4. The remote control of claim 1, wherein the top surface comprises polytetrafluoroethylene.

5. The remote control of claim 1, wherein the antimicrobial material comprises at least one selected from a group comprising microbicides, bacteristatics, bactericides, antimycotics, fungistatics, fungicides, viricides, and algicides.

6. The remote control of claim 1, wherein the antimicrobial material is selected from a group comprising fatty alcohol sulphates, alkylaryl sulphonates, quarternary ammonium connections, benzalconium chloride, halogen phenols, halogen salicylic anilides, phenolmercuriacetate a.s.o., phenylmercury acetate, silane-based materials, silver, silver-containing compounds, copper, copper-containing compounds, halides, halide-containing compounds, sulfonamides, and sulphur-containing compounds.
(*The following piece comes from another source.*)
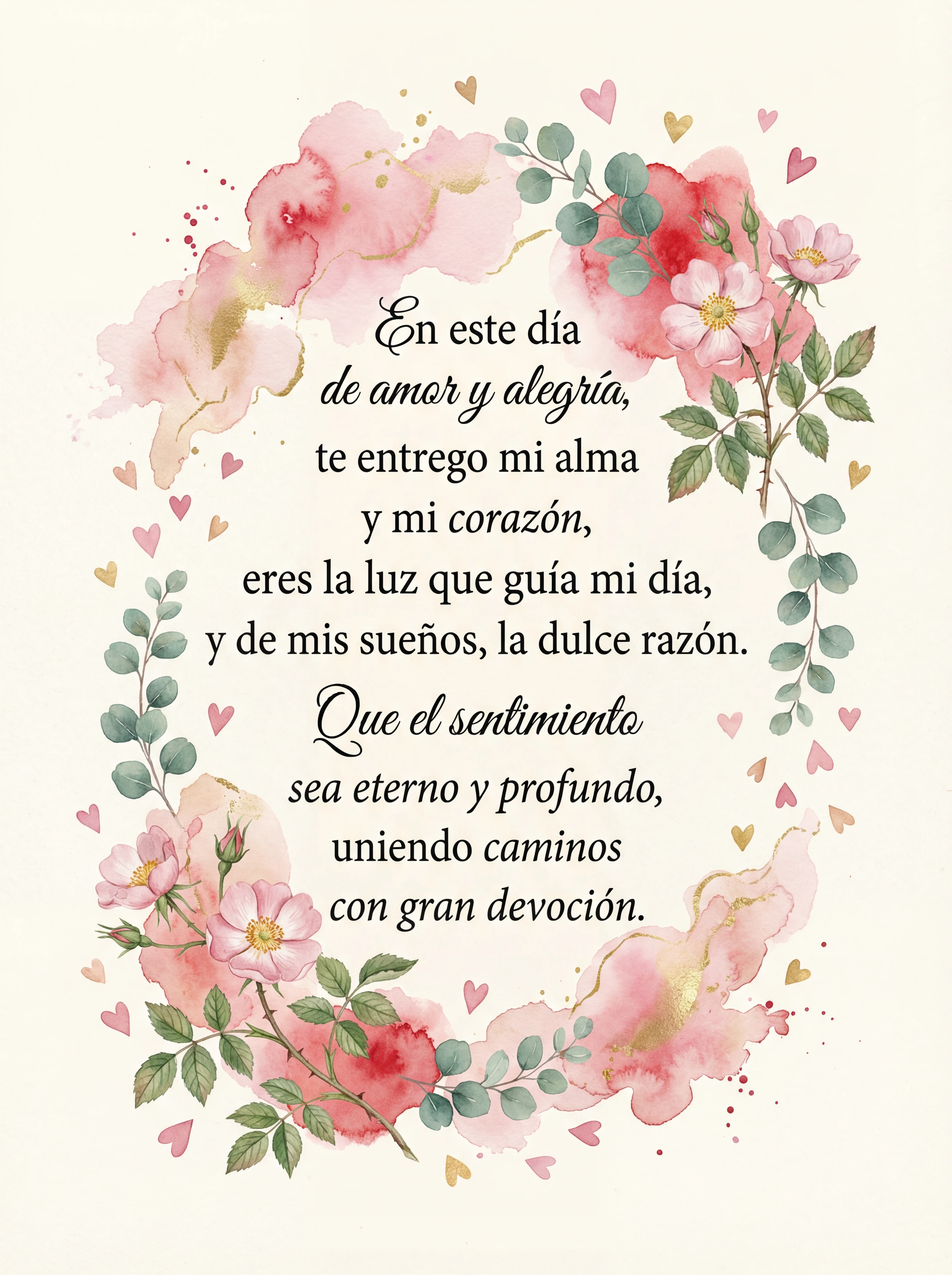 En este día de amor y alegría, te entrego mi alma y mi corazón, eres la luz que guía mi día, y de mis sueños, la dulce razón. Que el sentimiento sea eterno y profundo, uniendo caminos con gran devoción.

7. The remote control of claim 1, wherein the antimicrobial agent comprises 3-Trimethoxy silyl propyl dimethyl octadecyl ammonium chloride.

8. The remote control of claim 1, wherein the top surface comprises:

a substrate; and

an antimicrobial layer disposed on the substrate.

9. The remote control of claim 1, wherein the remote control is associated with at least one electronic device.

10. The remote control of claim 9, wherein the electronic device is selected from a group comprising televisions, stereos, cable boxes, lights, ceiling fans, digital video disk recorders and players, and video cassette recorders.

11. The remote control of claim 1, wherein the substrate excludes areas thereon where microbes may collect or incubate.

12. The remote control of claim 1, wherein the bottom housing comprises an antimicrobial material.

13. The remote control of claim 12, wherein the antimicrobial material comprises at least one selected from a group comprising microbicides, bacteristatics, bactericides, antimycotics, fungistatics, fungicides, viricides, and algicides.

14. The remote control of claim 12, wherein the antimicrobial material is selected from a group comprising fatty alcohol sulphates, alkylaryl sulphonates, quarternary ammonium connections, benzalconium chloride, halogen phenols, halogen salicylic anilides, phenolmercuriacetate a.s.o., phenylmercury acetate, silane-based materials, silver, silver-containing compounds, copper, copper-containing compounds, halides, halide-containing compounds, sulfonamides, and sulphur-containing compounds.

15. The remote control of claim 12, wherein the antimicrobial agent comprises 3-Trimethoxy silyl propyl dimethyl octadecyl ammonium chloride.

16. The remote control of claim 1, wherein the bottom housing comprises:

a substrate; and

an antimicrobial layer disposed on the substrate.

17. The remote control of claim 16, wherein the antimicrobial material comprises at least one selected from a group comprising microbicides, bacteristatics, bactericides, antimycotics, fungistatics, fungicides, viricides, and algicides.

18. The remote control of claim 16, wherein the antimicrobial material is selected from a group comprising fatty alcohol sulphates, alkylaryl sulphonates, quarternary ammonium connections, benzalconium chloride, halogen phenols, halogen salicylic anilides, phenolmercuriacetate a.s.o., phenylmercury acetate, silane-based materials, silver, silver-containing compounds, copper, copper-containing compounds, halides, halide-containing compounds, sulfonamides, and sulphur-containing compounds.

19. The remote control of claim 16, wherein the antimicrobial agent comprises 3-Trimethoxy silyl propyl dimethyl octadecyl ammonium chloride.